In order to avoid transfusion of viable, proliferating AML cells when using them as accessory cells, primary AML cells can be γ-irradiated. Bruserud and Ulvestad [47] investigated whether γ-irradiated AML cells could function as accessory cells during anti-CD3-stimulated T cell activation in vitro. The authors showed an irradiation dose-dependent reduction in the secretion of the proinflammatory cytokines IL-1β, IL-6 and TNF-α by primary AML cells. Although highly proliferative T cell responses were not always associated with high levels of cytokine secretion, an irradiation dose-dependent reduction in anti-CD3-stimulated T cell proliferation was observed. A dose of 50 Gy was considered by the authors to be both safe and to conserve the accessory cell function of primary AML cells.
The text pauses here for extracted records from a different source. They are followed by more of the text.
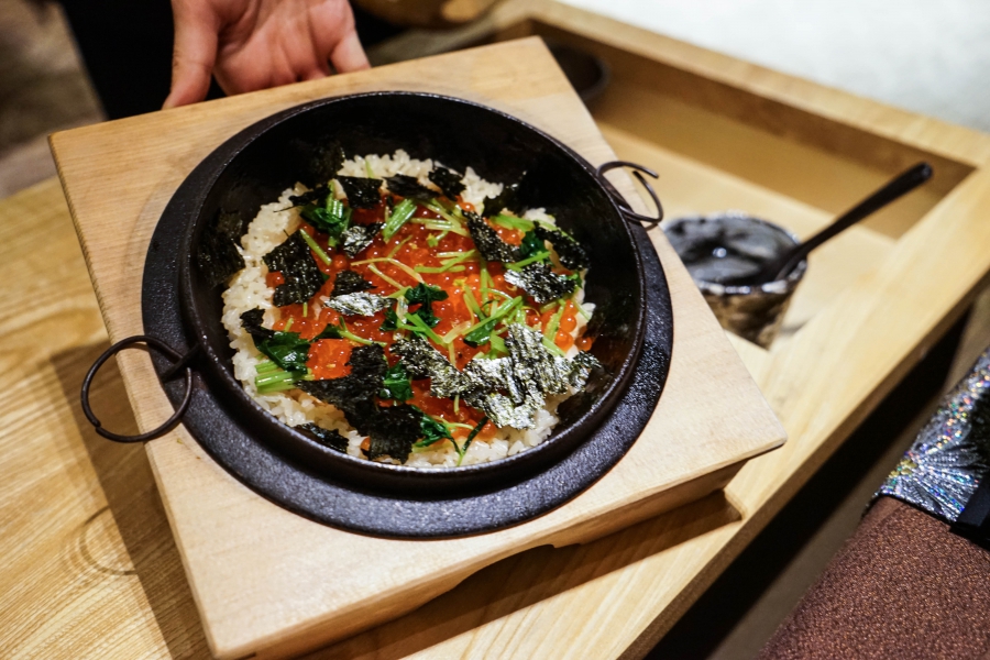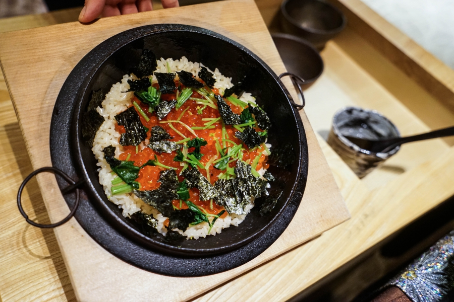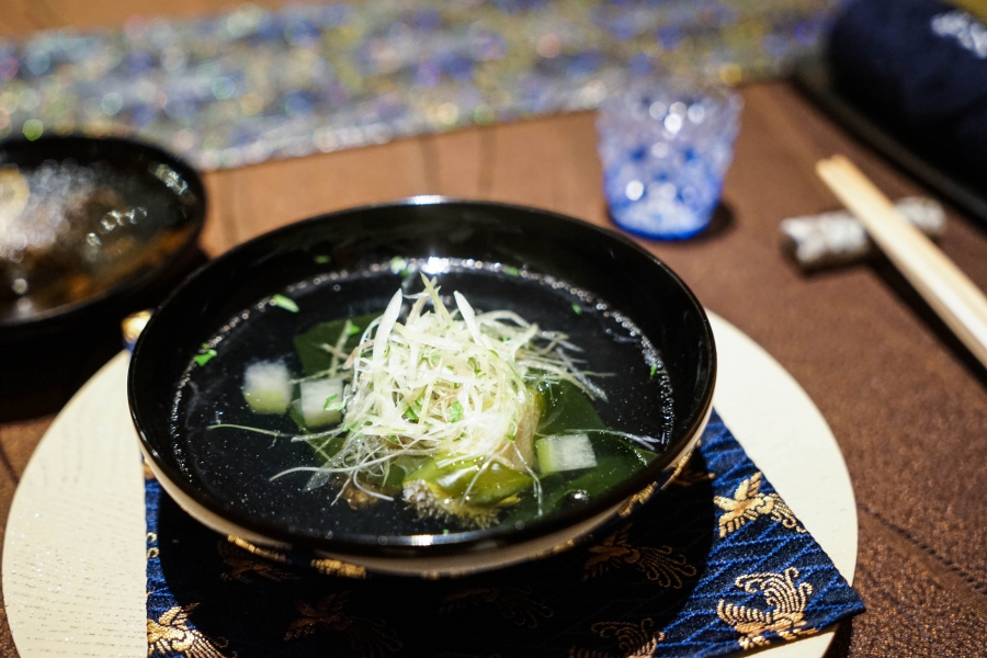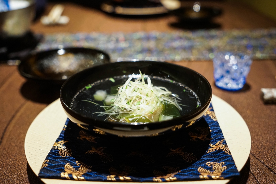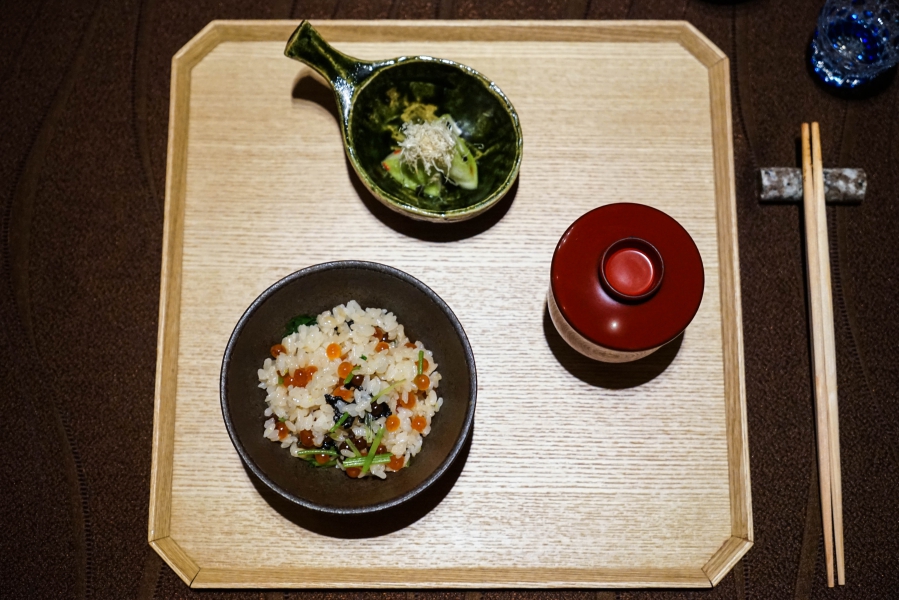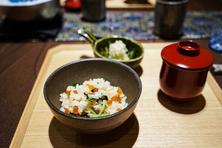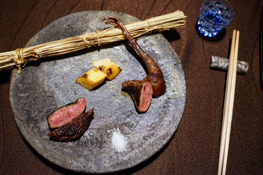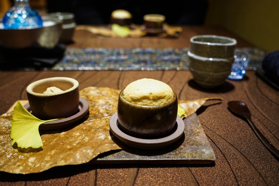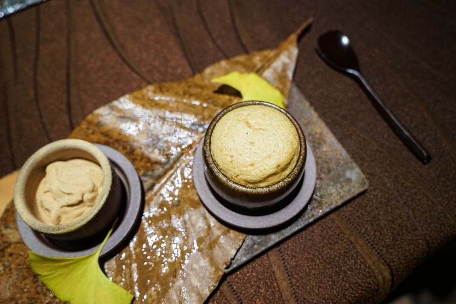 好幾道菜,未嚐其味已聞其香,且是撲鼻的香。甲魚豆腐,一上桌就芬芳滿盈,原來是炸過的三星蔥「作祟」,甲魚高湯鮮得緊,甲魚裙邊富含膠質、軟Q黏嘴,與雞蛋加寒天做成的假豆腐你濃我濃,生鮮與酥炸三星蔥則提味增香,這餐一開始就火力全開;招牌的0.9高湯,以紅喉、鮑魚作為主角,茗荷清洌的氣味首先竄出,再飲湯則溫潤悠揚,而後品嚐經過細緻處理的鮑魚及紅喉,鮑魚煮得一咬即斷,紅喉烤過,二者都有下足鹹味,撐住整碗湯品;香煎金目鯛,魚皮上的白芝麻散發堅果香氣,入口則成雙倍酥脆的魚皮,魚肉鮮嫩濕潤,搭佐栗子絲、栗子泥與無花果,秋意滿載;特製乳鴿土佐燒,飄散燻香及馬告的柑橘辛香,低溫油封後再炭烤至外皮極脆,而後用稻草燻製,瑰紅但不見血的完美熟度實在美味;燻製鮭魚卵釜飯,乘著特製推車上華麗登場,日本柚子的鮮明香味鑽入鼻間,彰化二水的越光米被高湯烹得飽滿而兼具彈性與黏性,加上鮮鹹的鮭魚卵,怎能抗拒?
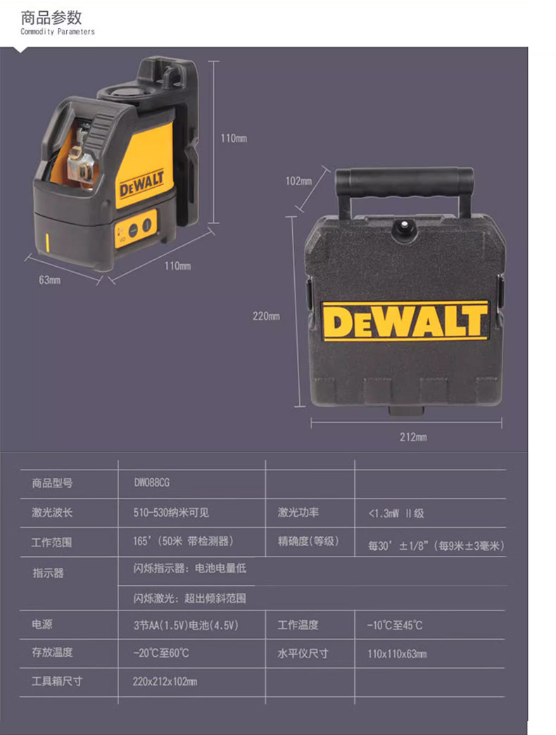 Medidor de nivel Dewei Luz verde Luz fuerte Láser cruzado Medidor de nivel infrarrojo de alta precisión DW088CG/DW089LG
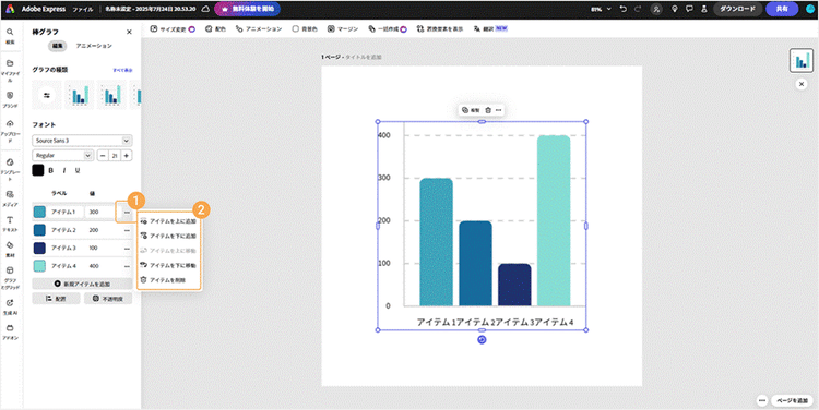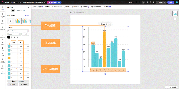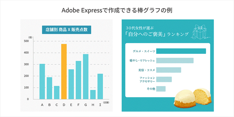 Adobe Expressなら、項目名と数値を入力するだけで棒グラフをカンタンに作成でき、色や間隔なども自由にカスタマイズ可能です。
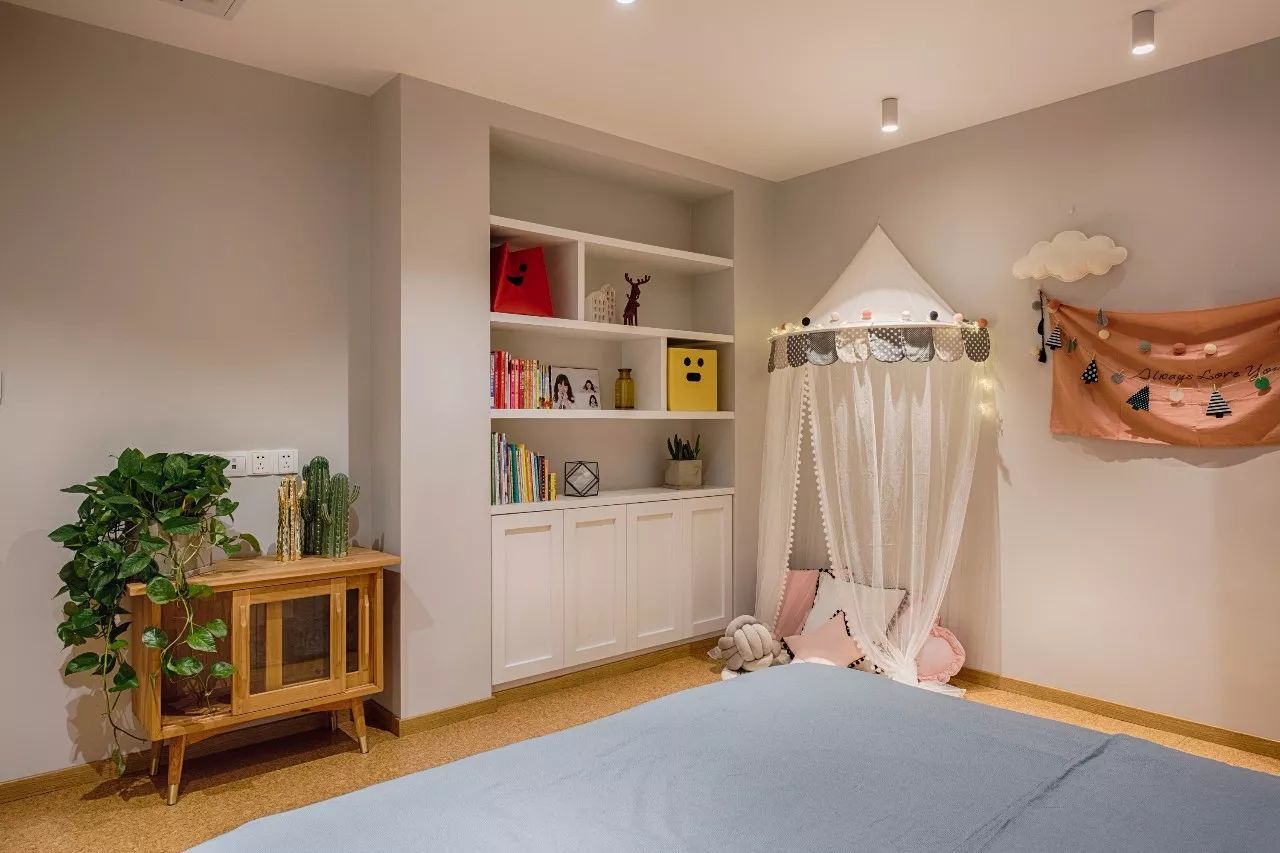 墙角除了放置书桌之外,我们可以在墙角安放一个书架,上面摆上一些家人喜爱的书籍,书架旁边我们还可以放置一把摇椅,在休闲时光里坐在摇椅上看看喜爱的书籍,或者和家人一起阅读也是不错的。
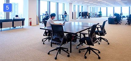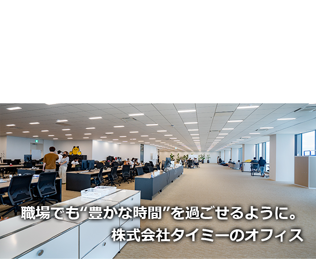 会社に行かずともリモートで仕事をした方が「通勤のストレスもなくて効率的だ」という人がいます。しかしながらタイミーで働いているスタッフは、ベーシックなところで「自分たちのミッションを実現させるために、皆で一丸となって頑張る」という気持ちを共有しているので、むしろ、集まることで仕事をした方が効率的だし効果的でもあるという"仕事の本質"のような部分を理解しています。そんな気持ちに報い、会社の成長を加速させるためにも、弊社は"働き易いオフィスづくり"にこだわりました。
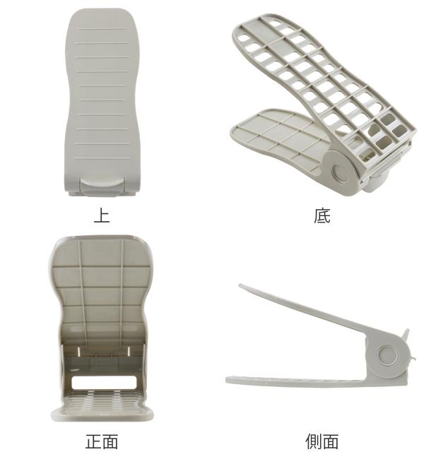 靴の厚さやかかとの高さに合わせて、4段階に角度調節が可能です。草履やサンダルなどの高さの低い靴から、ショートブーツなどの高さの高い靴まで収納できます。

In one of the earliest vaccination trials using autologous whole AML cells, primary cells were frozen in the presence of autologous serum and gamma-irradiated with 100 Gy after thawing [48]. Four AML patients were included in the clinical trial following achievement of chemotherapy-induced remission, receiving intradermal and subcutaneous injections in all four limbs. In vitro analysis of peripheral blood effector cells collected from the patients pre- and post-vaccination showed that immunotherapy increased the activity of patient-derived lymphocytes against autologous leukaemic cells [48]. Later, the protocol was adjusted by co-injecting irradiated autologous AML cells with Bacillus Calmette-Guerin (BCG), resulting in prolonged remission and longer survival after first relapse, compared to non-vaccinated AML patients [49], indicating a clinical effect of the vaccine. No data are available to allow correlation of clinical effects to specific characteristics of the AML cells. A positive outcome was also reported in the study of Zhang et al. [50], where autologous whole cell vaccines comprising Mitomycin C-treated autologous AML cells mixed with IL-2, GM-CSF and IL-6 were administered subcutaneously in the limb of 25 AML patients with relapsed or refractory disease. Partial responses were observed in five patients and CRs seen in four patients were associated with a reduction in serum IL-10 post-vaccination. Efficacy of the vaccine was associated with expression of CD80, which was exclusively expressed on AML cells of some patients with AML FAB M4 and M5.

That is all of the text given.